**
maven pom依赖配置
<dependency>
<groupId>org.apache.spark</groupId>
<artifactId>spark-sql_2.11</artifactId>
<version>2.1.0</version>
</dependency>
<dependency>
<groupId>org.apache.spark</groupId>
<artifactId>spark-core_2.11</artifactId>
<version>2.1.0</version>
</dependency>
**
一、基本数据源支持
package com.spark.test.Structured
import org.apache.log4j.{Level, Logger}
import org.apache.spark.sql.SparkSession
import org.apache.spark.sql.streaming.Trigger
/**
* Created by Administrator on 2019/5/24.
*/
object wordCount {
def main(args: Array[String]) {
Logger.getLogger("org.apache.spark").setLevel(Level.ERROR)
val spark=SparkSession
.builder()
.master("local")
.appName("ss")
.getOrCreate()
import spark.implicits._
//lines(是一个DataFrame)代表一个包含流文本数据的无边界的表,
// 表只包含一个字段"value",流数据中的每一行就是该表的一条记录。
val lines = spark.readStream
.format("socket")
.option("host", "172.16.28.224")
.option("port", 19999)
.load()
// Split the lines into words
//需要使用as方法将DataFrame转换成DataSet,才能使用flatMap转换操作
val words = lines.as[String].flatMap(_.split(" "))

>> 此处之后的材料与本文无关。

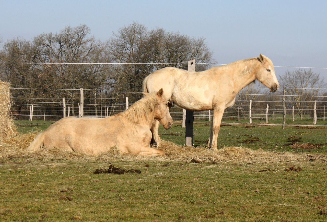 | Dire merci | Oyéééé, oyééééééééééé JOIA s'est enfin décidée. Ce matin elle a lâché le paquet, un grand poulinou palomino comme papa, aucun blanc, et d'une robe qui laisse présager un palomino doré à souhait. Le nom viendra après. Maman et bébé se portent bien. Je transfère quelques photos d'une piètre qualité en attendant les belles photos de Lydie ![]() |

val cons=new consoleSink()
// Generate running word count
val query=words.writeStream.outputMode("append").format("console").start()
query.awaitTermination()
}
}
二、structred streaming自定义输出consoleSink,需要继承ForeachWriter 类重写其方法
package com.spark.test.Structured
import org.apache.spark.sql.ForeachWriter
/**
* Created by Administrator on 2019/5/24.
*/
class consoleSink extends ForeachWriter[String]{
def open(partitionId: Long, version: Long): Boolean = {
true
}
def process(value: String): Unit = {
println(value)
}
def close(errorOrNull: Throwable): Unit = {
}
}
**二、自定义jdbc sink,需要继承ForeachWriter 类重写其方法
import java.sql._
import org.apache.spark.sql.ForeachWriter
/**
* Created by Administrator on 2019/5/24.
*/
class JDBCSink(url:String,user:String,password:String,table:String) extends ForeachWriter[(String,Int)]{
val driver="com.mysql.jdbc.Driver"
var conn:Connection=_
var stat:Statement=_
def open(partitionId: Long, version: Long): Boolean = {
Class.forName(driver)
conn=DriverManager.getConnection(url,user,password)
stat=conn.createStatement()
true
}
def process(value: (String,Int)): Unit = {
stat.executeUpdate("INSERT INTO "+table+" VALUES("+value._1+","+value._2+")")
}
def close(errorOrNull: Throwable): Unit = {
conn.close()
}
}
三、demo演示
import org.apache.log4j.{Level, Logger}
import org.apache.spark.sql.SparkSession
import org.apache.spark.sql.streaming.Trigger
/**
* Created by Administrator on 2019/5/24.
*/
object wordCount {
def main(args: Array[String]) {
Logger.getLogger("org.apache.spark").setLevel(Level.ERROR)
val spark=SparkSession
.builder()
.master("local")
.appName("ss")
.getOrCreate()
import spark.implicits._
//lines(是一个DataFrame)代表一个包含流文本数据的无边界的表,
// 表只包含一个字段"value",流数据中的每一行就是该表的一条记录。
val lines = spark.readStream
.format("socket")
.option("host", "172.16.28.224")
.option("port", 19999)
.load()
// Split the lines into words
//需要使用as方法将DataFrame转换成DataSet,才能使用flatMap转换操作
val words = lines.as[String].flatMap(_.split(" "))
//JDBC sink
val write=new JDBCSink("url","user","pass","table")
//console sink
val cons=new consoleSink()
// Generate running word count
val query = words.writeStream.outputMode("append").foreach(cons).start()
query.awaitTermination()
}
}